From b47ed8c93d82b2030db4592f57a78afd470dbc08 Mon Sep 17 00:00:00 2001
From: Diego Caballero <diegocaballero@google.com>
Date: Mon, 7 Aug 2023 12:05:34 -0700
Subject: [PATCH] [CPU] Add `contract` fast-math-flag to arith operations
 (#14551)

This patch adds the `contract` FMF to some arith operations so that they can be folded into an fma instruction. We are doing this by default as we are lowering matmul ops by default to fmas. We will add different fp modes to have more control on fp optimizations depending on the tolerance to fp errors.
---
 .../Codegen/Common/AddFastMathFlags.cpp       | 44 +++++++++++++++++++
 .../iree/compiler/Codegen/Common/BUILD.bazel  |  1 +
 .../compiler/Codegen/Common/CMakeLists.txt    |  1 +
 .../iree/compiler/Codegen/Common/PassDetail.h |  1 +
 .../src/iree/compiler/Codegen/Common/Passes.h |  3 ++
 .../iree/compiler/Codegen/Common/Passes.td    |  7 +++
 .../compiler/Codegen/Common/test/BUILD.bazel  |  1 +
 .../Codegen/Common/test/CMakeLists.txt        |  1 +
 .../Codegen/Common/test/add_fmfs.mlir         | 13 ++++++
 .../iree/compiler/Codegen/LLVMCPU/Passes.cpp  |  1 +
 10 files changed, 73 insertions(+)
 create mode 100644 compiler/src/iree/compiler/Codegen/Common/AddFastMathFlags.cpp
 create mode 100644 compiler/src/iree/compiler/Codegen/Common/test/add_fmfs.mlir
diff --git a/compiler/src/iree/compiler/Codegen/Common/AddFastMathFlags.cpp b/compiler/src/iree/compiler/Codegen/Common/AddFastMathFlags.cpp
new file mode 100644
index 000000000000..35115db36435
--- /dev/null
+++ b/compiler/src/iree/compiler/Codegen/Common/AddFastMathFlags.cpp
@@ -0,0 +1,44 @@
+// Copyright 2023 The IREE Authors
+//
+// Licensed under the Apache License v2.0 with LLVM Exceptions.
+// See https://llvm.org/LICENSE.txt for license information.

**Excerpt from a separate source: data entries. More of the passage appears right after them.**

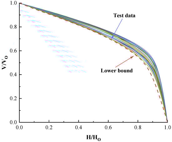 To visually represent the relative shape of the VH failure envelope, the results can be normalized based on the uniaxial bearing capacity H0 and V0. Extensive research indicates that the only lower bound solution of the VH failure envelope can be observed through relevant processing, which shows that the normalized VH failure envelope is independent of soil layer thickness and soil properties [53,54]. This conservative solution method allows the yield envelope in the VH envelope to be obtained simply by scaling H0 and V0. Based on previous research findings and regression analysis, the lower bound of the VH failure envelope, as shown in Figure 9, and can be expressed as follows: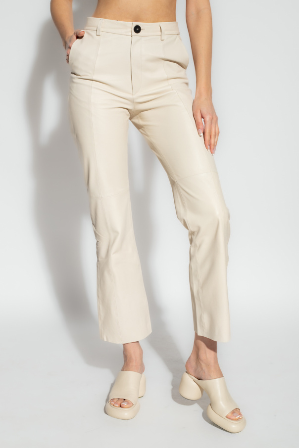 Cream trousers from Forte Forte. Made of leather, this straight leg pair features a zip and button closure, two front pockets, one back pocket and raw-trimmed edges.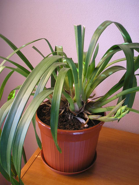 Moje cymbídko dnes , ešte stále nerozkvitlo, ale dnes mi spadlo a už som myslela , že je po ňom, odniesli to 4 puky daleko od plaču som nemala,   dalšie 2 stvoly dorasťajú a už jednému vidno 6 pukov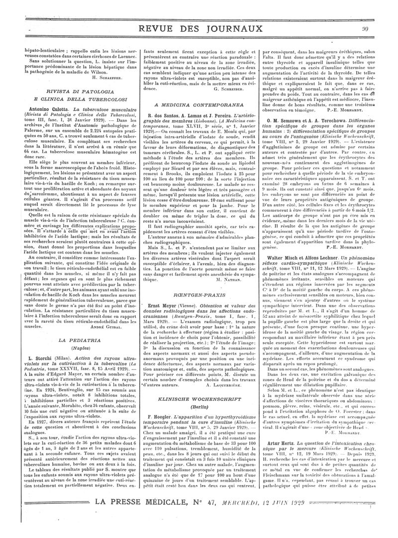 1929, Revue des journaux. -
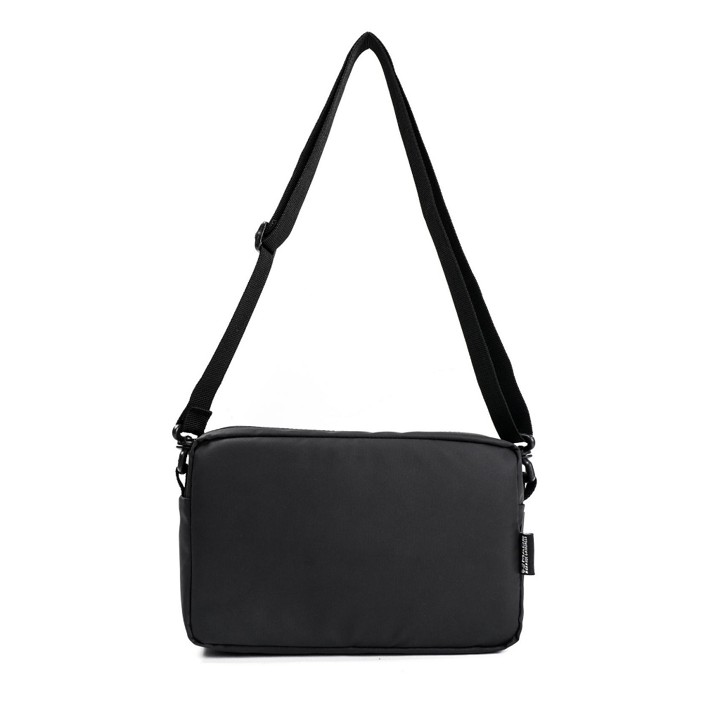 Material utama yang digunakan adalah Bimo Waterproof, sebuah kain sintetis yang memiliki tekstur halus dengan tampilan matte yang elegan namun tetap tahan lama. Konstruksi tas didukung oleh lapisan dalam Torin yang lembut, mencegah goresan pada gadget atau barang berharga lainnya, serta ukuran dimensi 25x7x15 cm yang dirancang ergonomis untuk kenyamanan penggunaan sehari-hari. Meskipun beratnya ringan hanya 300 gram, ketahanan material terhadap air menjadikannya lebih unggul dibandingkan tas kulit sintetis biasa yang mudah rusak jika terkena cairan.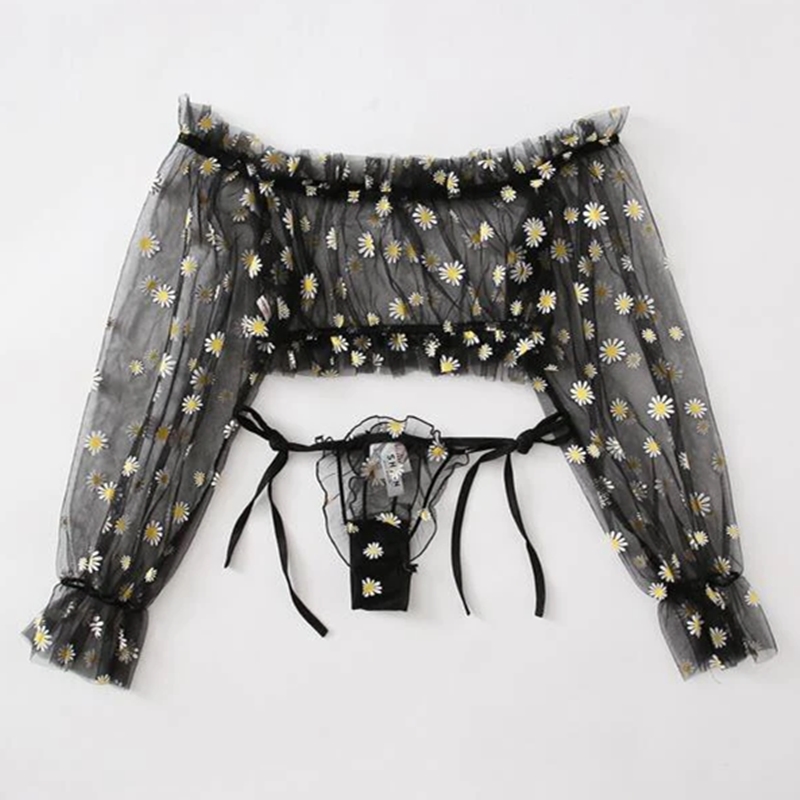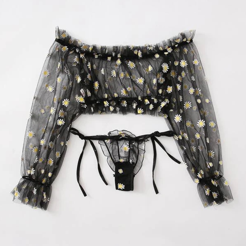 Женский комплект нижнего белья, сетчатый топ с открытыми плечами и трусики, костюм из двух предметов

+// SPDX-License-Identifier: Apache-2.0 WITH LLVM-exception
+
+#include "iree/compiler/Codegen/Common/PassDetail.h"
+#include "iree/compiler/Codegen/Common/Passes.h"
+#include "mlir/Dialect/LLVMIR/LLVMDialect.h"
+
+#define DEBUG_TYPE "iree-codegen-add-fast-math-flags"
+
+using namespace mlir;
+using namespace mlir::iree_compiler;
+
+/// Add `contract` FMF to operations that support it.
+static void addContractFMF(Operation *op) {
+  LLVM::FastmathFlags contract = LLVM::FastmathFlags::contract;
+  TypeSwitch<Operation *>(op)
+      .Case<LLVM::FMulOp, LLVM::FAddOp, LLVM::FSubOp, LLVM::FNegOp>(
+          [&](auto llvmOp) { llvmOp.setFastmathFlags(contract); });
+}
+
+namespace {
+
+/// Add the corresponding fast-math flags to operations given a floating-point
+/// optimization mode.
+// TODO: For now we only allow default flags, such as arithmetic reassociation.
+struct AddFastMathFlagsPass
+    : public AddFastMathFlagsBase<AddFastMathFlagsPass> {
+public:
+  using AddFastMathFlagsBase::AddFastMathFlagsBase;
+
+  void runOnOperation() override {
+    getOperation()->walk([](Operation *op) { addContractFMF(op); });
+  }
+};
+
+} // namespace
+
+std::unique_ptr<OperationPass<LLVM::LLVMFuncOp>>
+mlir::iree_compiler::createAddFastMathFlagsPass() {
+  return std::make_unique<AddFastMathFlagsPass>();
+}
diff --git a/compiler/src/iree/compiler/Codegen/Common/BUILD.bazel b/compiler/src/iree/compiler/Codegen/Common/BUILD.bazel
index bd10121be77f..75b0e01c2975 100644
--- a/compiler/src/iree/compiler/Codegen/Common/BUILD.bazel
+++ b/compiler/src/iree/compiler/Codegen/Common/BUILD.bazel
@@ -143,6 +143,7 @@ iree_compiler_cc_library(
 iree_compiler_cc_library(
     name = "Common",
     srcs = [
+        "AddFastMathFlags.cpp",
         "BubbleUpOrdinalOps.cpp",
         "BufferizationAnalysis.cpp",
         "BufferizeCopyOnlyDispatchesPass.cpp",
diff --git a/compiler/src/iree/compiler/Codegen/Common/CMakeLists.txt b/compiler/src/iree/compiler/Codegen/Common/CMakeLists.txt
index d43a2ea8df7e..6df643e9288b 100644
--- a/compiler/src/iree/compiler/Codegen/Common/CMakeLists.txt
+++ b/compiler/src/iree/compiler/Codegen/Common/CMakeLists.txt
@@ -118,6 +118,7 @@ iree_cc_library(
     "Transforms.h"
     "UserConfig.h"
   SRCS
+    "AddFastMathFlags.cpp"
     "BubbleUpOrdinalOps.cpp"
     "BufferizationAnalysis.cpp"
     "BufferizeCopyOnlyDispatchesPass.cpp"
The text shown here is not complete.